Кроме того, далеко не все психические расстройства связаны с потерей связи с реальностью. Если рассматривать этот вопрос исключительно с медицинской точки зрения, то, наоборот, таких случаев довольно мало. В основном это расстройства сознания (например, делирий) и тяжелые деменции. В большинстве случаев пациент не полностью оторван от реальности, но имеет определенные особенности во взаимодействии с ней.

— В целом кто за это отвечает?

— Закон «Об охране здоровья» говорит, что в общем случае это сфера ответственности Министерства здравоохранения. В целом я считаю, что проблема в системе государственного управления (или в ее отсутствии), которая в Беларуси создает гораздо больше проблем, чем решает.

Но этот вопрос нужно рассматривать на разных уровнях. Здесь есть и личная ответственность сотрудника, который не оказал помощь или отправил больного в ШИЗО просто потому, что тот болен, и ответственность руководства, и ответственность органов, которые должны осуществлять контроль и надзор (например, прокуратура).

— Почему люди с психическими расстройствами вообще находятся в пенитенциарной системе? Ведь, в гипотезе, им там не место.

— Это не совсем так. Психические заболевания бывают разными, и они не всегда освобождают от ответственности.

Кстати, утверждение, что психически больным «не место» в местах лишения свободы, иногда является проявлением стигмы по отношению к людям с ментальными особенностями. Потому что оно также подразумевает обобщение исключительно по признаку наличия расстройства.
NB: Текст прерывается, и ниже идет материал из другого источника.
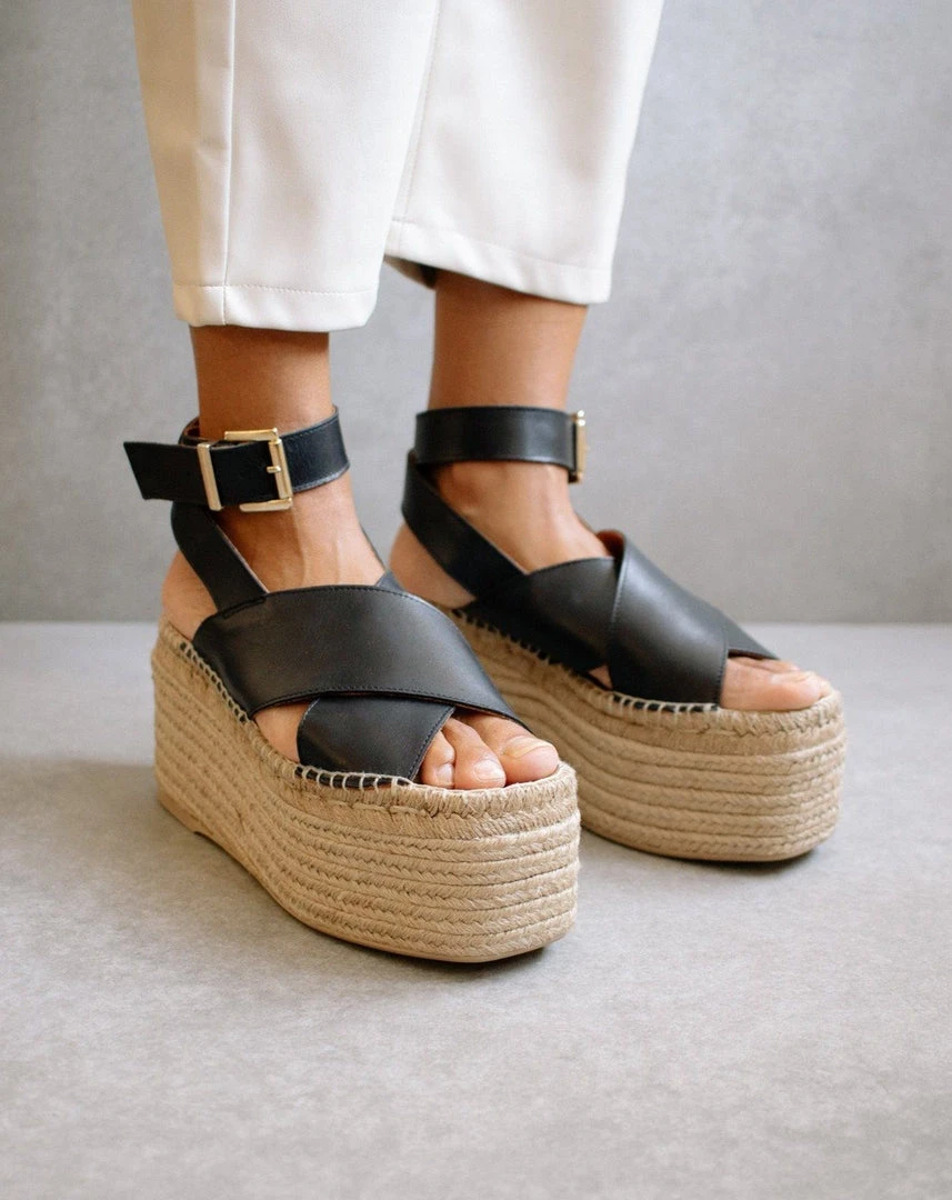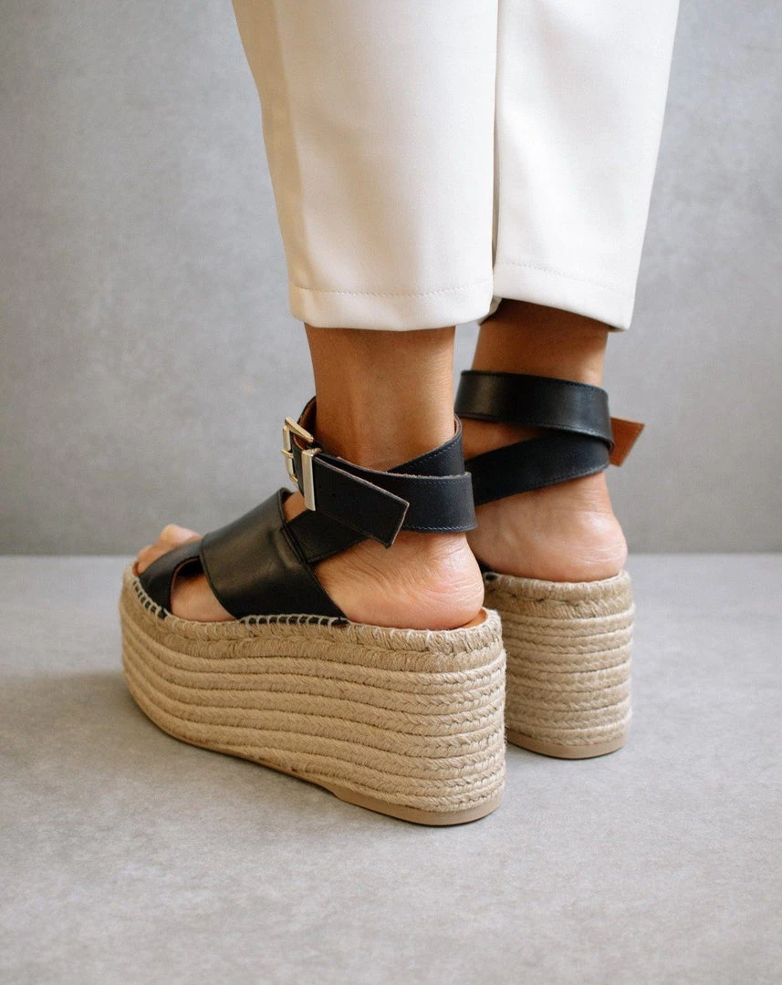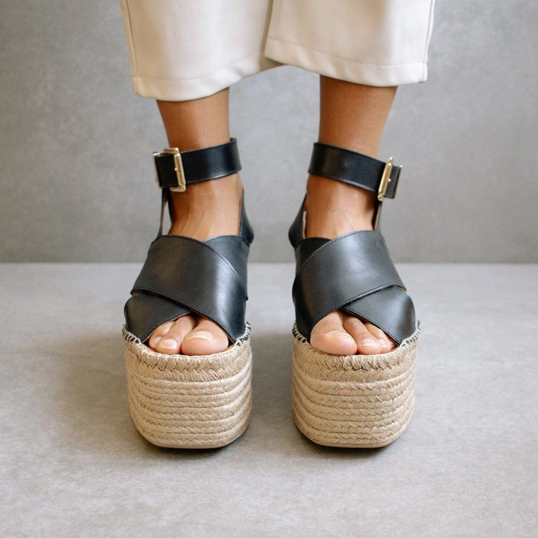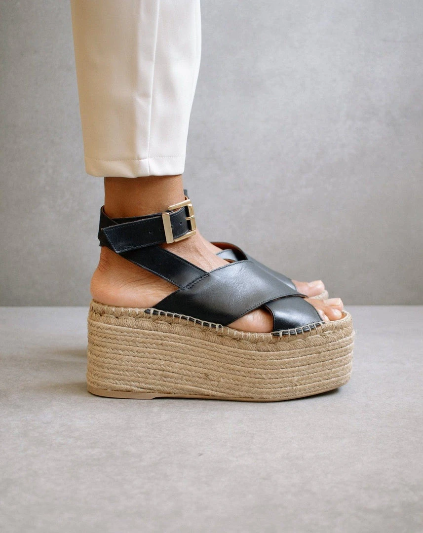 Maxi platform made of 100% jute. Thick criss cross straps and strong buckle hold around the ankle.
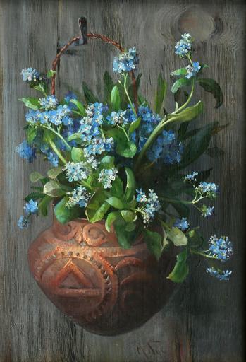 Keywords: Forget-Me-Nots by Marie Nyl-Frosch.jpg oil canvas board 14-1/2 x 9-3/4 inches Private Collection Public domain May be reproduced without permission PD-Art Oil paintings of flowers Unidentified Myosotis 19th-century still life paintings Houseplants in art Marie Nyl-Frosch |
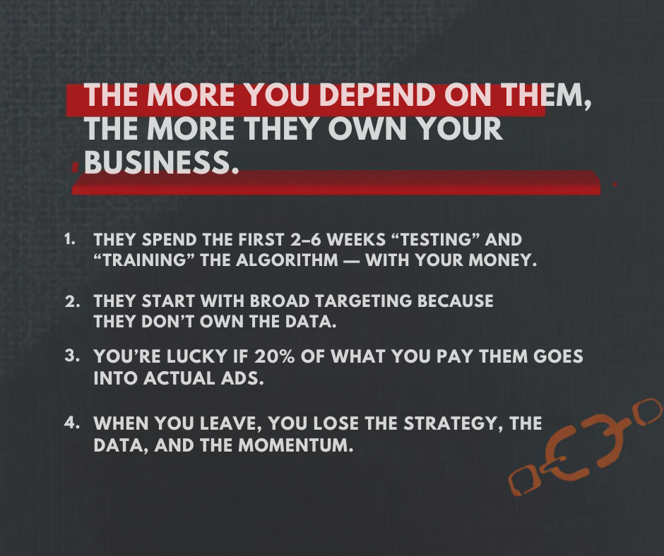 Hire agencies that charge $1,500–$3,000/month to “manage” Facebook & Google ads

Кроме того, оно часто звучит как «не сажайте их в тюрьму, отправьте их в психбольницу». То есть это все равно про изоляцию, про отстранение и нежелание понимать таких людей. А здоровое общество, на мой взгляд, должно ориентироваться на интеграцию, понимание и принятие друг друга.

Но это все теоретические размышления. А на практике в Беларуси с этой проблемой почти все устроено не так, как должно быть, и очень далеко от здравого смысла. Это системная проблема, и она не существует изолированно. Соответственно, ее нельзя решить отдельным реформированием системы здравоохранения, пенитенциарной системы или экспертизы.

Главная проблема в том, что многие годы государственное управление в Беларуси строится на создании химеры — «уникального беларусского пути». Якобы мы сохраним «лучшее» от советской системы и что-то к этому добавим.

Но в итоге получается куча лозунгов, основанных на пирамиде лжи. Декларируются громкие заявления, создаются какие-то планы, программы (оторванные от реальности еще больше, чем больной в делирии), потом пишутся фальшивые отчеты, доклады, справки и так далее.

На деле же нет ни адекватных стандартов, ни нормативной базы, ориентированной на реальность и учитывающей актуальные вопросы, ни работающей системы. И проблема пенитенциарной психиатрии в современной Беларуси — лишь одно из проявлений этого хаоса.

— Что происходит с человеком, если его психическое расстройство не лечить, а просто оставить его в колонии или СИЗО со всеми этими условиями, которые там есть?

— Здесь все может быть по-разному. Потому что и расстройства разные, и индивидуальные особенности имеют значение. В любом случае ничего хорошего не произойдет. Где-то расстройство будет постепенно прогрессировать, и это будет происходить не быстро и не всегда очевидно в короткий промежуток времени. Где-то это может быть значительное и быстрое ухудшение состояния, которое может привести и к самоубийству, и к агрессии по отношению к окружающим. Условия заключения даже при наличии лечения — это дезадаптирующий фактор (для психически здоровых людей тоже), а при его отсутствии дезадаптация будет более быстрой, а последствия — более тяжелыми.

Но основная проблема не в отсутствии лечения. Оно, как раз, как я уже говорил, чаще всего проводится (и, кстати, администрация пенитенциарных учреждений как раз давит на врачей: «Давай уже вылечи его, надоел!» — но врач не волшебник). Лечение не решит проблему отношения к людям с ментальными особенностями, не решит вопрос их содержания в неволе, проблему условий содержания и так далее. Поэтому и рассматривать эту проблему нужно не только с точки зрения медицины и лечения, она гораздо шире.